Setting aside the legitimacy of RealNetwork's patent, what is it with the popular feeling on this site and Digg that PATENTS = BAD. Sure, open source software is great and all but if somebody comes up with a great idea why CAN'T they get filthy rich from the concept and continue to milk it for years? I'm hardly the champion of capitalism but absurd extremist "everything-needs-to-be-free" views seen here are frankly disgusting. If you are content with people ripping off your ideas and profiting from them, please move to China or some other shithole where creativity is not encouraged.
Ogg Vorbis supports bitrate peeling, but it is not currently implemented. Apparently RealNetwork's SureStream encodes a given file at multiple bitrates resulting in a fat file, while bitrate peeling only needs a single encoding. Real's patent appears to be on the streaming logic to actually switch bitrate though, not the storage of bits in a file.

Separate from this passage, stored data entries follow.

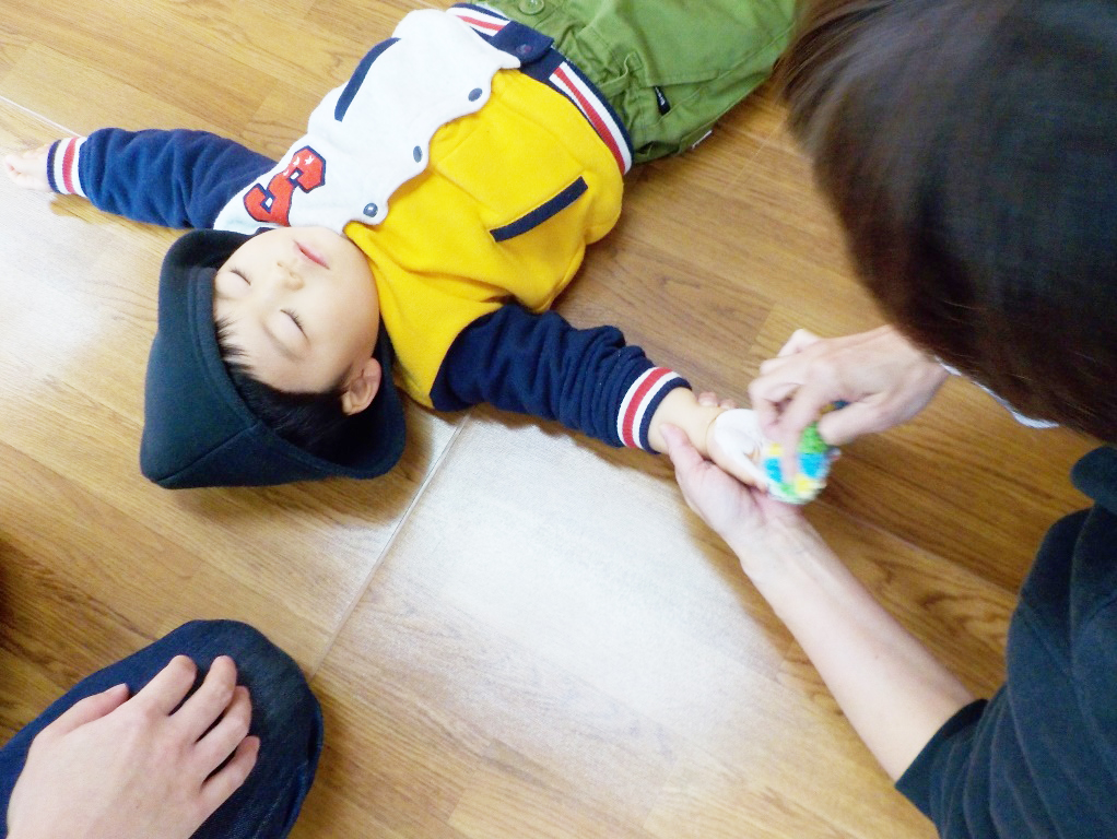 寝ながら、されるがままになっていた子がいました
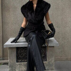 Black Preppy Women's Patchwork Faux Fur Collar Sleeveless Cropped Jacket
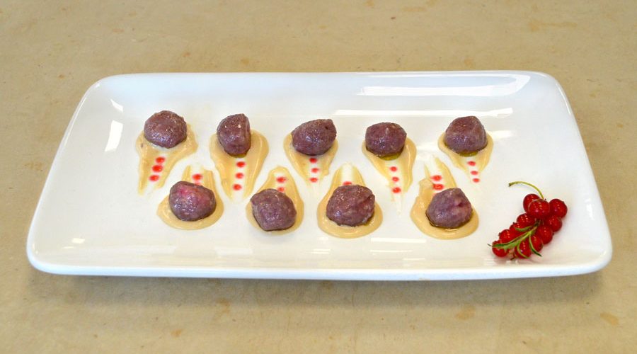 Mentre le patate stanno bollendo preparare il ribes togliendo i semi. Per la riduzione di ribes , in un pentolino porre i ribes e 2 cucchiai di acqua, frullare con il minipimer, filtrare il liquido e metter sul fuoco medio fino a che non si addensa ( vela il cucchiaio). Olio alla cipolla scaldare ½ cipolla tagliata fine in abbondante olio e lasciarla riposare 2 ore , filtrare l’olio. La ricetta non comporta difficoltà particolari eccetto che per il delicato passaggio dell’inserimento del ripieno nello gnocco, in quanto, se non chiuso bene, durante la cottura potrebbe aprirsi vanificando il piatto.

...you were inferring that Real is an evil corporation for patenting something useful, not Apple. Had this been about QuickTime and you said something negative about Apple, your karma would've sunk faster than the Titanic. But according to my reading of the current state of Slashpolitik, Real is a perfectly safe target for criticism. Hammer away! ;)
"RealNetworks executives said the technology was distinguished from other similar systems by the fact that it permitted 'intelligent' streaming of data in potentially congested networks."
Dammit! I just got finished patenting all the stupid ways of doing it...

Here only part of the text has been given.